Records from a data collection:
== Segment start ==
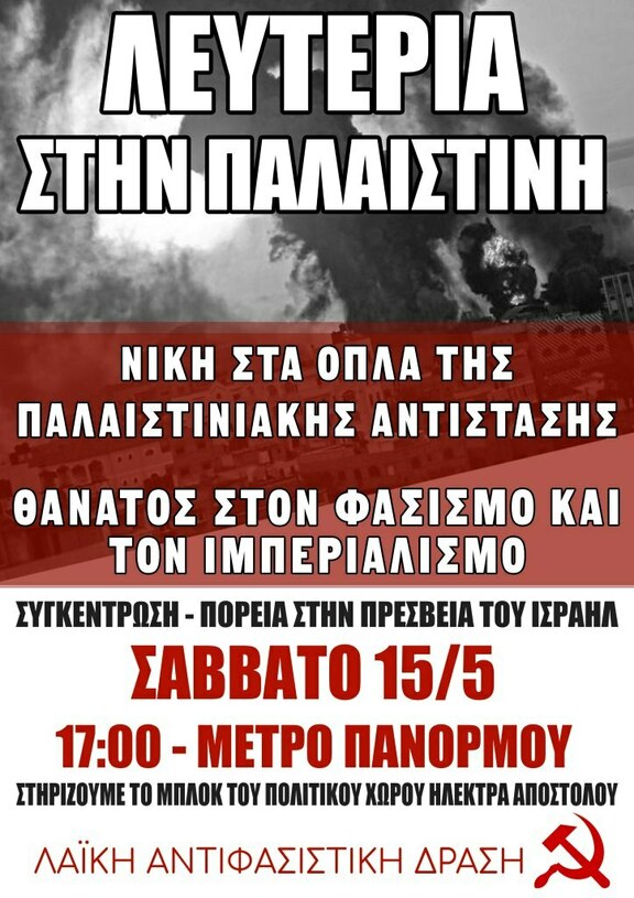 Το Σάββατο 15 Μαΐου στις 5μ.μ. καλούμε την εργατική τάξη και το λαό, την αγωνιζόμενη νεολαία κάθε προοδευτικό και δημοκρατικό άνθρωπο στο μετρό στάση Πανόρμου για να κατευθυνθούμε στην ισραηλινή πρεσβεία, να διαδηλώσουμε μαζικά, οργανωμένα και μαχητικά, απαιτώντας με τις μικρές μας δυνάμεις, από το δικό μας μετερίζι να σταματήσει η γενοκτονία τουπαλαιστινιακούλαού.
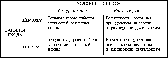 Рис. 2. Пять сил Портера. Риск входа потенциальных конкурентов (первая сила Портера) создает опасность прибыльности компании. С другой стороны, если этот риск мал, компания может повышать цену и увеличивать доходы. Конкурентная сила этого фактора сильно зависит от высоты барьеров входа (стоимости входа в отрасль). Имеется три основных источника таких барьеров: - лояльность к торговой марке покупателей (входящие компании должны перекрыть это значительными инвестициями); - абсолютное преимущества по издержкам (более низкие издержки производства обеспечивают существующим компаниям существенные преимущества, которые трудно достичь новым компаниям); - экономия на масштабе (это преимущество ассоциируется с большими компаниями). Она связана со снижением издержек при массовом производстве стандартизированной продукции, скидками при больших закупках сырья, материалов и комплектующих, снижением удельных расходов на рекламу и т.д. Все это создает значительные трудности для компаний, начинающих производство. Среди недавно появившихся конкурентов в отрасли розничной торговли компьютерной техникой можно выделать магазин «Точка доступа», открывшийся в Советском районе. Второй конкурентной силой по Портеру является соперничество существующих в отрасли компаний. Здесь следует выявить влияние трех факторов: - структуру отраслевой конкуренции, - условия спроса, - высоту барьеров выхода в отрасли. Структура отраслевой конкуренции зависит от степени консолидации в отрасли (фрагментарная ли она,имеются условия олигополии или монополии). Фрагментарная отрасль представляет потенциально больше угроз, чем благоприятных возможностей, т.к вход в такие отрасли сравнительно легок. В консолидированных отраслях компании, как правило, большие и независимые. Таким образом, конкурентные действия одной компании прямо воздействуют на рыночную долю конкурентов, вызывая их ответные действия и раскручивая спираль конкуренции. Возможности таких компаний вести ценовую войну представляют главную конкурентную угрозу. В этом случае компании стремятся конкурировать по качественным отличительным преимуществам, т.е. конкурентная война ведется с позиций лояльности к торговой марке и минимизации вероятности ценовой войны. Успех такой тактики зависит от возможностей в отрасли дифференциации продукции. Рост спроса в отрасли ведет к умеренной конкуренции при обеспечении больших возможностей для экспансии. Спрос растет вместе с рынком, компании могут увеличить скорость возврата инвестиций, и это делает компанию более привлекательной. Наоборот, снижение роста вызывает большую конкуренцию, компании могут отобрать рынки сбыта только у других компаний. Таким образом, уменьшение спроса - главная опасность увеличения конкуренции. Барьеры выхода являются серьезной опасностью,когда спрос в отрасли падает. Барьеры выхода являются экономическими и эмоциональными факторами, которые удерживают компанию, даже если доходы малы. В результате появляются излишние производственные мощности, что ведет к интенсификации ценовой конкуренции, т.к. компании сбрасывают цены, пытаясь использовать простаивающие мощности. Обычно барьеры выхода включают следующие обстоятельства: - инвестиции в оборудование не имеют альтернатив их использования и, если компания оста
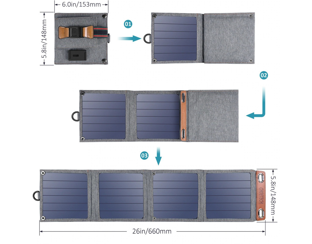 | Зручний сонячний зарядний пристрій з ефективністю до 23,5%.
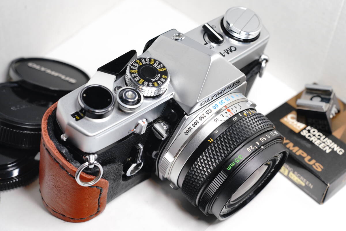 コレクション整理による出品(お宝放出)です。OLYMPUS OM-1+35mm 1:2.8です。シャッターは測定はしていませんが正常です。写真のとおりは使用感が少なく大変きれいなボディ・レンズです。レンズはキズ・カビの無くクリアです。露出計は動しています。絞り・シャッタースピードを変えて指針が可変します。プリズムは剥離は有りませんクリアです。付属品はハンドメイド製グリップ付本革底ケース・レンズFRキャップ、ボディキャップ、フォーカススクリーン、アクセサリーシューです。ノーキャンセル、ノークレーム、ノーリターンでお願いします。カメラ関連グッズを同時オークション開催中ですので「お宝」見つけて下さい。
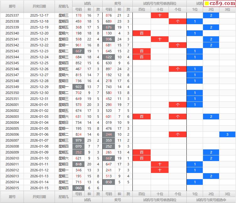 首页 > 福彩3D预测 > 26年015期福彩3D试机号走势图表分析
== Segment end ==
WHAT YOU NEED TO DO: Could you output the full set of entries exactly, skipping every picture?

COMPLETED EXERCISE:
 Το Σάββατο 15 Μαΐου στις 5μ.μ. καλούμε την εργατική τάξη και το λαό, την αγωνιζόμενη νεολαία κάθε προοδευτικό και δημοκρατικό άνθρωπο στο μετρό στάση Πανόρμου για να κατευθυνθούμε στην ισραηλινή πρεσβεία, να διαδηλώσουμε μαζικά, οργανωμένα και μαχητικά, απαιτώντας με τις μικρές μας δυνάμεις, από το δικό μας μετερίζι να σταματήσει η γενοκτονία τουπαλαιστινιακούλαού.
 Рис. 2. Пять сил Портера. Риск входа потенциальных конкурентов (первая сила Портера) создает опасность прибыльности компании. С другой стороны, если этот риск мал, компания может повышать цену и увеличивать доходы. Конкурентная сила этого фактора сильно зависит от высоты барьеров входа (стоимости входа в отрасль). Имеется три основных источника таких барьеров: - лояльность к торговой марке покупателей (входящие компании должны перекрыть это значительными инвестициями); - абсолютное преимущества по издержкам (более низкие издержки производства обеспечивают существующим компаниям существенные преимущества, которые трудно достичь новым компаниям); - экономия на масштабе (это преимущество ассоциируется с большими компаниями). Она связана со снижением издержек при массовом производстве стандартизированной продукции, скидками при больших закупках сырья, материалов и комплектующих, снижением удельных расходов на рекламу и т.д. Все это создает значительные трудности для компаний, начинающих производство. Среди недавно появившихся конкурентов в отрасли розничной торговли компьютерной техникой можно выделать магазин «Точка доступа», открывшийся в Советском районе. Второй конкурентной силой по Портеру является соперничество существующих в отрасли компаний. Здесь следует выявить влияние трех факторов: - структуру отраслевой конкуренции, - условия спроса, - высоту барьеров выхода в отрасли. Структура отраслевой конкуренции зависит от степени консолидации в отрасли (фрагментарная ли она,имеются условия олигополии или монополии). Фрагментарная отрасль представляет потенциально больше угроз, чем благоприятных возможностей, т.к вход в такие отрасли сравнительно легок. В консолидированных отраслях компании, как правило, большие и независимые. Таким образом, конкурентные действия одной компании прямо воздействуют на рыночную долю конкурентов, вызывая их ответные действия и раскручивая спираль конкуренции. Возможности таких компаний вести ценовую войну представляют главную конкурентную угрозу. В этом случае компании стремятся конкурировать по качественным отличительным преимуществам, т.е. конкурентная война ведется с позиций лояльности к торговой марке и минимизации вероятности ценовой войны. Успех такой тактики зависит от возможностей в отрасли дифференциации продукции. Рост спроса в отрасли ведет к умеренной конкуренции при обеспечении больших возможностей для экспансии. Спрос растет вместе с рынком, компании могут увеличить скорость возврата инвестиций, и это делает компанию более привлекательной. Наоборот, снижение роста вызывает большую конкуренцию, компании могут отобрать рынки сбыта только у других компаний. Таким образом, уменьшение спроса - главная опасность увеличения конкуренции. Барьеры выхода являются серьезной опасностью,когда спрос в отрасли падает. Барьеры выхода являются экономическими и эмоциональными факторами, которые удерживают компанию, даже если доходы малы. В результате появляются излишние производственные мощности, что ведет к интенсификации ценовой конкуренции, т.к. компании сбрасывают цены, пытаясь использовать простаивающие мощности. Обычно барьеры выхода включают следующие обстоятельства: - инвестиции в оборудование не имеют альтернатив их использования и, если компания оста
 | Зручний сонячний зарядний пристрій з ефективністю до 23,5%.
 コレクション整理による出品(お宝放出)です。OLYMPUS OM-1+35mm 1:2.8です。シャッターは測定はしていませんが正常です。写真のとおりは使用感が少なく大変きれいなボディ・レンズです。レンズはキズ・カビの無くクリアです。露出計は動しています。絞り・シャッタースピードを変えて指針が可変します。プリズムは剥離は有りませんクリアです。付属品はハンドメイド製グリップ付本革底ケース・レンズFRキャップ、ボディキャップ、フォーカススクリーン、アクセサリーシューです。ノーキャンセル、ノークレーム、ノーリターンでお願いします。カメラ関連グッズを同時オークション開催中ですので「お宝」見つけて下さい。
 首页 > 福彩3D预测 > 26年015期福彩3D试机号走势图表分析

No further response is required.